NB : This would be slower than using pyarrow, based on the benchmark . I will update my answer once s3fs support is implemented in pyarrow via ARROW-1213

I did quick benchmark on on indivdual iterations with pyarrow & list of files send as a glob to fastparquet. fastparquet is faster with s3fs vs pyarrow + my hackish code. But I reckon pyarrow +s3fs will be faster once implemented.

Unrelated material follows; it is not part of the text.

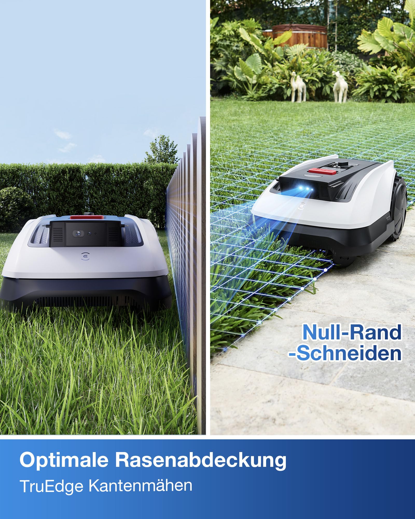 - Präzise Lidar-unterstützte RTK + Vision Navigation: Der Roboter erreicht eine ultra-präzise Positionierung von nur 2cm. Im Vergleich zu anderen RTK-Technologien kann er bis zu 40 Satelliten auf 80% mehr Signalbändern empfangen, bietet eine 4x höhere Verbindungsgeschwindigkeit und eine 30% höhere Stabilität im Schatten von Bäumen oder Gebäuden. In Bereichen mit eingeschränkter Signalqualität sorgt das visuelle Positionierungssystem dafür, dass die Mähpfade kontinuierlich und präzise bleiben, für eine vollständige Rasenpflege.

The code & benchmarks are below :

>>> def test_pq():
...     for current_file in list_parquet_files:
...         f = fs.open(current_file)
...         df = pq.read_table(f).to_pandas()
...         # following code is to extract the serial_number & cur_date values so that we can add them to the dataframe
...         #probably not the best way to split :)
...         elements_list=current_file.split('/')
...         for item in elements_list:
...             if item.find(date_partition) != -1:
...                 current_date = item.split('=')[1]
...             elif item.find(dma_partition) != -1:
...                 current_dma = item.split('=')[1]
...         df['serial_number'] = current_dma
...         df['cur_date'] = current_date
...         list_.append(df)
...     frame = pd.concat(list_)
...
>>> timeit.timeit('test_pq()',number =10,globals=globals())
12.078817503992468
>>> def test_fp():
...     fp_obj = fp.ParquetFile(all_paths_from_s3,open_with=myopen)
...     df = fp_obj.to_pandas()
>>> timeit.timeit('test_fp()',number =10,globals=globals())
2.961556333000317

Update 2019

After all PRs, Issues such as Arrow-2038 & Fast Parquet - PR#182 have been resolved.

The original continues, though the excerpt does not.